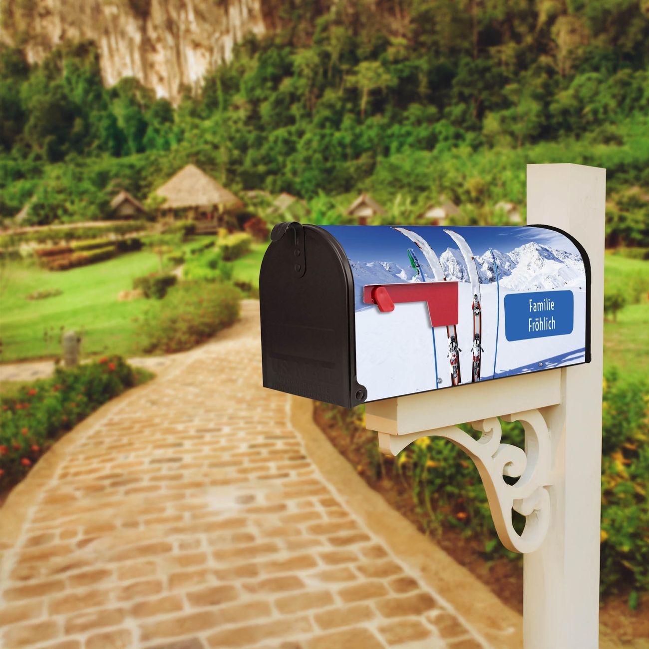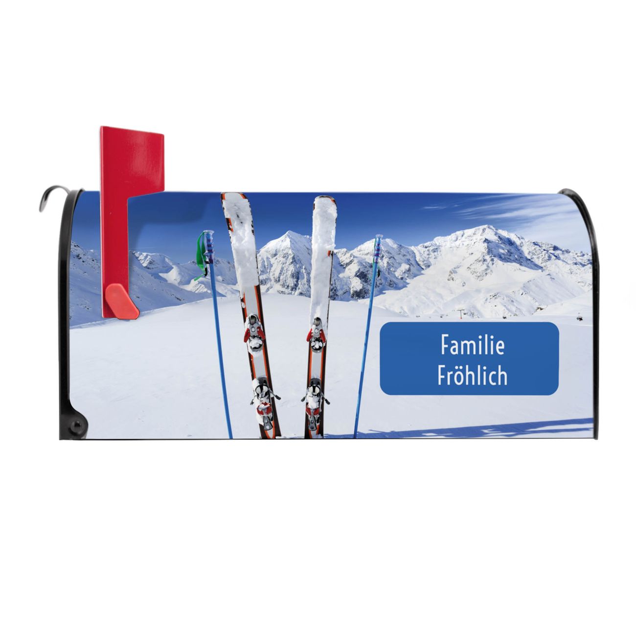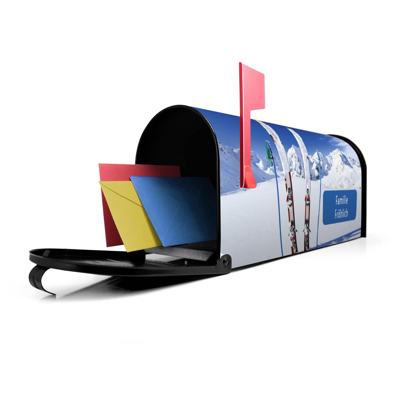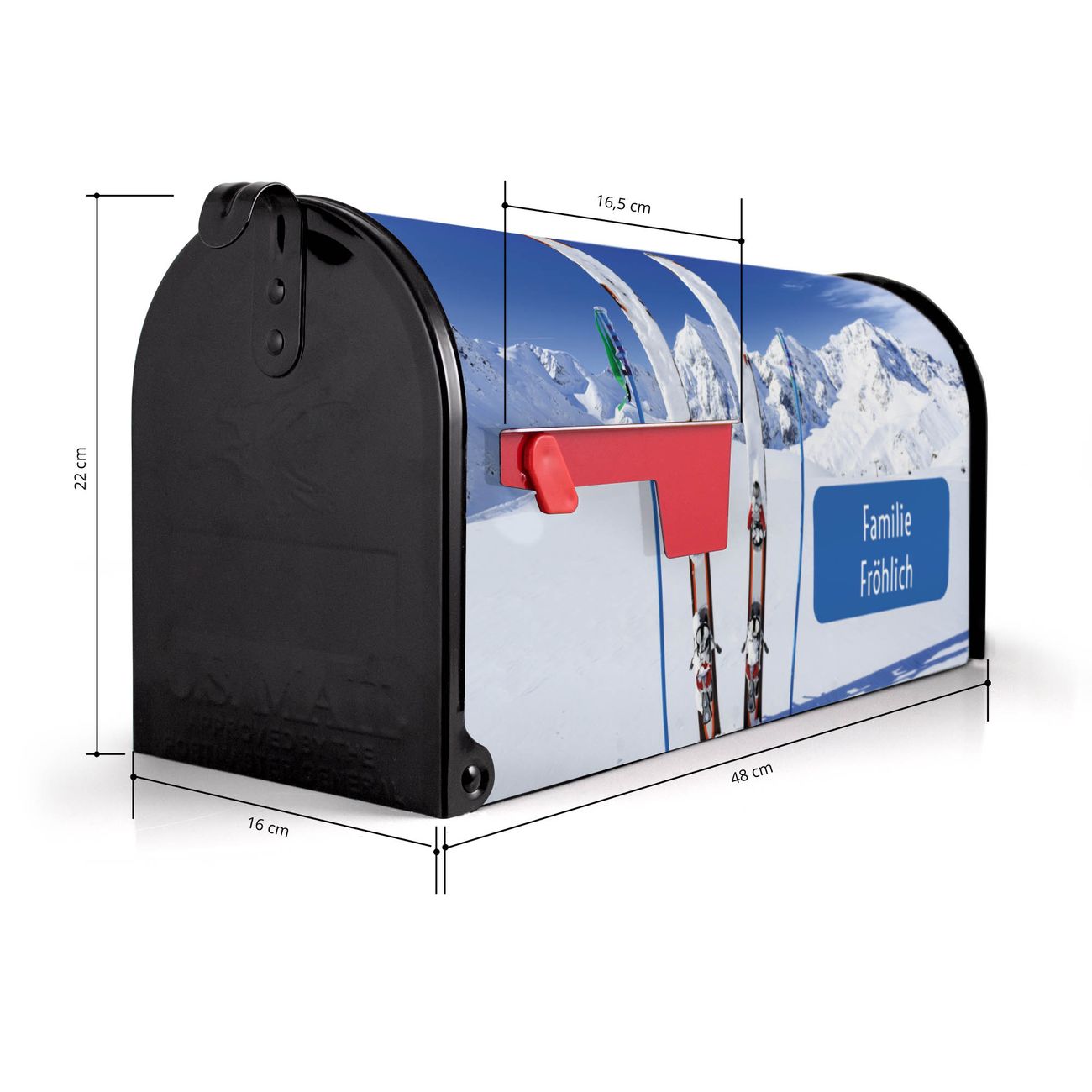 Der amerikanische Briefkasten von banjado mit Apres Ski Motiv bietet Ihnen ausreichend Fassungsvermögen, um große A4 Sendungen und Zeitschriften zu empfangen. Die typisch amerikanische rote Fahne zeigt Ihnen an, wenn Sie Post erhalten haben. Die US-Mailbox besteht aus verzinktem Stahlblech welches lackiert wurde und ist 48 x 22 x 16 CM (BxHxT) groß. Die Folie mit Motiv Apres Ski besteht aus einer wetter- und UV-resistenten Folie, die mit einem Schutzlaminat überzogen ist, sodass die US Mailbox zusätzlich vor Kratzern geschützt ist. An der Unterkante sind 4 Löcher je Seite um die Mailbox, typisch amerikanisch, an einem Holzpfahl oder einem Zaun zu befestigen. Auf Wunsch können Sie bei uns den passenden Standfuß oder die passende Wandhalterung kaufen um die US-Mailbox sicher zu befestigen. Wir bieten Ihnen ebenfalls Namensschilder, bereits beschriftet oder frei zu beschriften, und verschiedene selbst gestaltete Bitte-Keine-Werbung-Aufkleber.
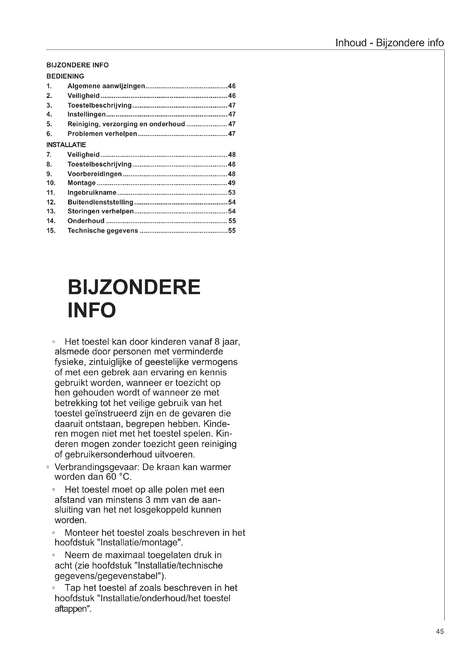 Inhoud - Bijzondere info BIJZONDERE INFO BEDIENING
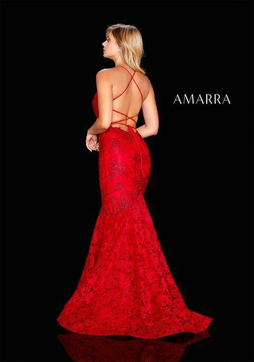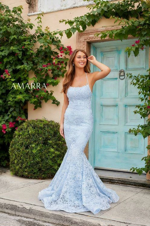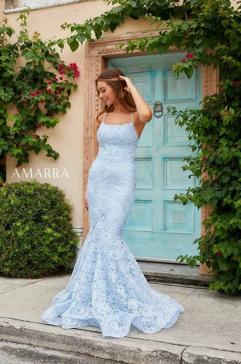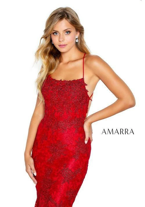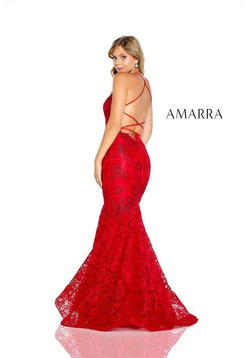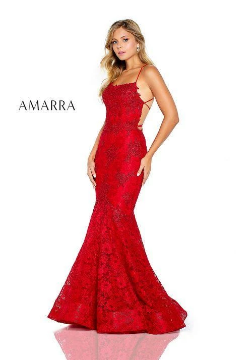 Amarra 20255 Embellished Lace Gown Lace Up Back And Mermaid Fit Prom Dress Lace dresses can be romantic, classic and sweet. Style 20255 reinvents that idea by giving this lace gown a sexy twist. This dress features a scoop neckline and mermaid fit. The lace up back gives this look drama and spice.
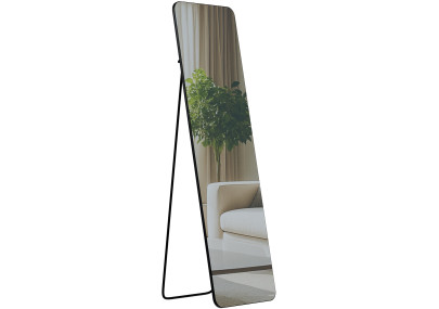 El espejo de pie ovalado Nane combina elegancia y funcionalidad. Su forma ovalada y su robusto marco metálico le confieren durabilidad y estabilidad. Con una altura de 155 cm y una superficie de 113 x 33 cm, ofrece una visión completa, ideal para peinarse y comprobar el atuendo a diario.
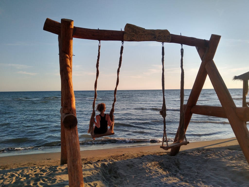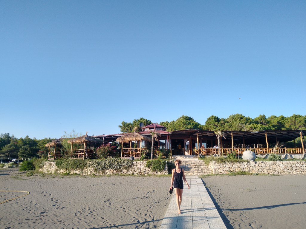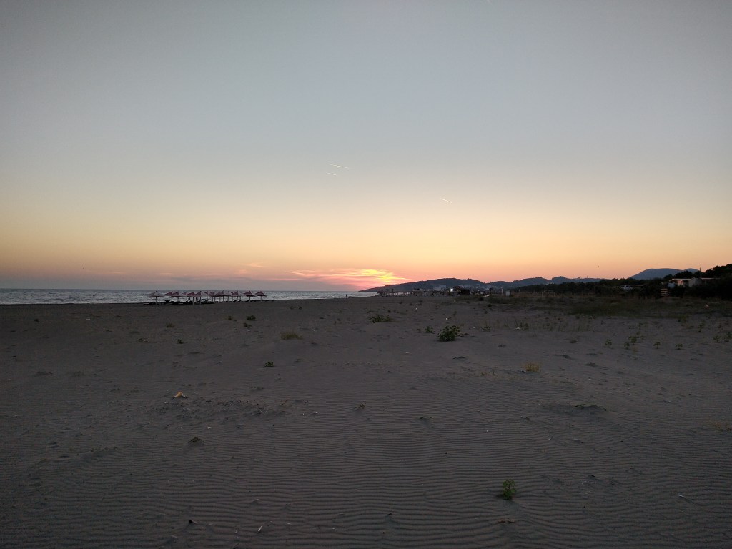 Da unsere Reise keinem größeren Plan folgt, warfen wir wie immer einen Blick auf Google Maps um zu entscheiden, wo unser nächstes Ziel sein soll. Weiter südlich kurz vor der albanischen Grenze stach uns ein Strandabschnitt mit wohlklingenden Namen wie Miami Beach, Safari Beach, Havana oder Kopakabana ins Auge. Das sollte es werden! Und tatsächlich hat uns eine komplett andere Seite Montenegros erwartet: ein Kilometer langer Sand(!)strand (bisher kannten wir nur Felsen und Kies) mit touristischen Attraktionen wie Strandliegen, Schaukeln, Eisständen, Strandverkäufern, Spielplätzen und Restaurants. Und das zu Hunderten aneinandergereiht! Der Strand erschien uns beinahe endlos. Zum Glück fanden wir am Tropicana Beach einen Campingplatz und Strandabschnitt jenseits des ganzen Troubles. Doch nicht nur beim Strand, sondern auch beim Klientel zeigten sich Kontraste und wachsende kulturelle Unterschiede. Wo sich in Kroatien noch vermehrt Frauen oben ohne am Strand zeigten, war der Burkini hier bereits ganz alltäglich.
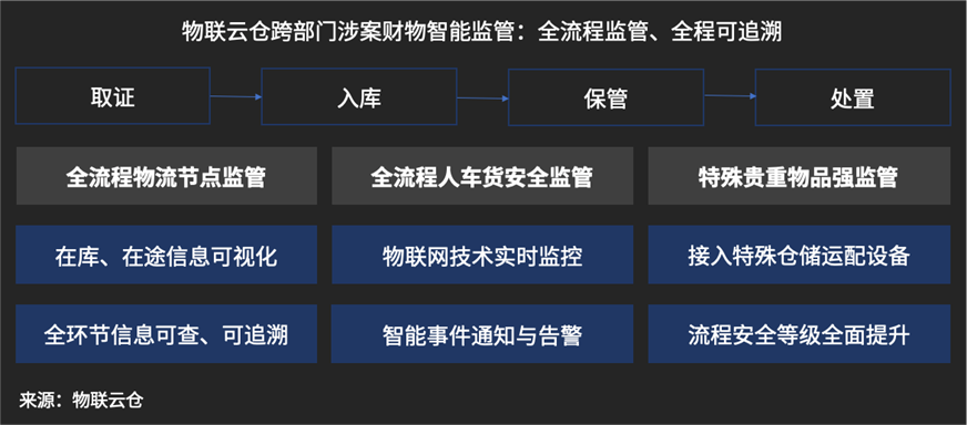 從跨部門涉案財物管理的全國進展來看,經各地區的實踐探索,現階段涉案財物管理工作對專業物流管理系統的需求、特別是監管系統的需求逐漸凸顯。以物聯云倉與某市的涉案財物管理合作案例來看,部分地區已經開始了涉案財物集中管理更為深度的社會化運作步調。在政法部門與專業物流企業越來越深的合作推進下,我國跨部門涉案財物的管理工作效率將能持續提升,在不斷節省政務開支的同時,帶來更高的辦案效率,讓司法執法工作更加地陽光透明。

++++++++++++++++++++

**Prompt**:
All of the material above is to be copied exactly, with no pictures.

**Answer to this exercise**:
 Der amerikanische Briefkasten von banjado mit Apres Ski Motiv bietet Ihnen ausreichend Fassungsvermögen, um große A4 Sendungen und Zeitschriften zu empfangen. Die typisch amerikanische rote Fahne zeigt Ihnen an, wenn Sie Post erhalten haben. Die US-Mailbox besteht aus verzinktem Stahlblech welches lackiert wurde und ist 48 x 22 x 16 CM (BxHxT) groß. Die Folie mit Motiv Apres Ski besteht aus einer wetter- und UV-resistenten Folie, die mit einem Schutzlaminat überzogen ist, sodass die US Mailbox zusätzlich vor Kratzern geschützt ist. An der Unterkante sind 4 Löcher je Seite um die Mailbox, typisch amerikanisch, an einem Holzpfahl oder einem Zaun zu befestigen. Auf Wunsch können Sie bei uns den passenden Standfuß oder die passende Wandhalterung kaufen um die US-Mailbox sicher zu befestigen. Wir bieten Ihnen ebenfalls Namensschilder, bereits beschriftet oder frei zu beschriften, und verschiedene selbst gestaltete Bitte-Keine-Werbung-Aufkleber.
 Inhoud - Bijzondere info BIJZONDERE INFO BEDIENING
 Amarra 20255 Embellished Lace Gown Lace Up Back And Mermaid Fit Prom Dress Lace dresses can be romantic, classic and sweet. Style 20255 reinvents that idea by giving this lace gown a sexy twist. This dress features a scoop neckline and mermaid fit. The lace up back gives this look drama and spice.
 El espejo de pie ovalado Nane combina elegancia y funcionalidad. Su forma ovalada y su robusto marco metálico le confieren durabilidad y estabilidad. Con una altura de 155 cm y una superficie de 113 x 33 cm, ofrece una visión completa, ideal para peinarse y comprobar el atuendo a diario.
 Da unsere Reise keinem größeren Plan folgt, warfen wir wie immer einen Blick auf Google Maps um zu entscheiden, wo unser nächstes Ziel sein soll. Weiter südlich kurz vor der albanischen Grenze stach uns ein Strandabschnitt mit wohlklingenden Namen wie Miami Beach, Safari Beach, Havana oder Kopakabana ins Auge. Das sollte es werden! Und tatsächlich hat uns eine komplett andere Seite Montenegros erwartet: ein Kilometer langer Sand(!)strand (bisher kannten wir nur Felsen und Kies) mit touristischen Attraktionen wie Strandliegen, Schaukeln, Eisständen, Strandverkäufern, Spielplätzen und Restaurants. Und das zu Hunderten aneinandergereiht! Der Strand erschien uns beinahe endlos. Zum Glück fanden wir am Tropicana Beach einen Campingplatz und Strandabschnitt jenseits des ganzen Troubles. Doch nicht nur beim Strand, sondern auch beim Klientel zeigten sich Kontraste und wachsende kulturelle Unterschiede. Wo sich in Kroatien noch vermehrt Frauen oben ohne am Strand zeigten, war der Burkini hier bereits ganz alltäglich.
 從跨部門涉案財物管理的全國進展來看,經各地區的實踐探索,現階段涉案財物管理工作對專業物流管理系統的需求、特別是監管系統的需求逐漸凸顯。以物聯云倉與某市的涉案財物管理合作案例來看,部分地區已經開始了涉案財物集中管理更為深度的社會化運作步調。在政法部門與專業物流企業越來越深的合作推進下,我國跨部門涉案財物的管理工作效率將能持續提升,在不斷節省政務開支的同時,帶來更高的辦案效率,讓司法執法工作更加地陽光透明。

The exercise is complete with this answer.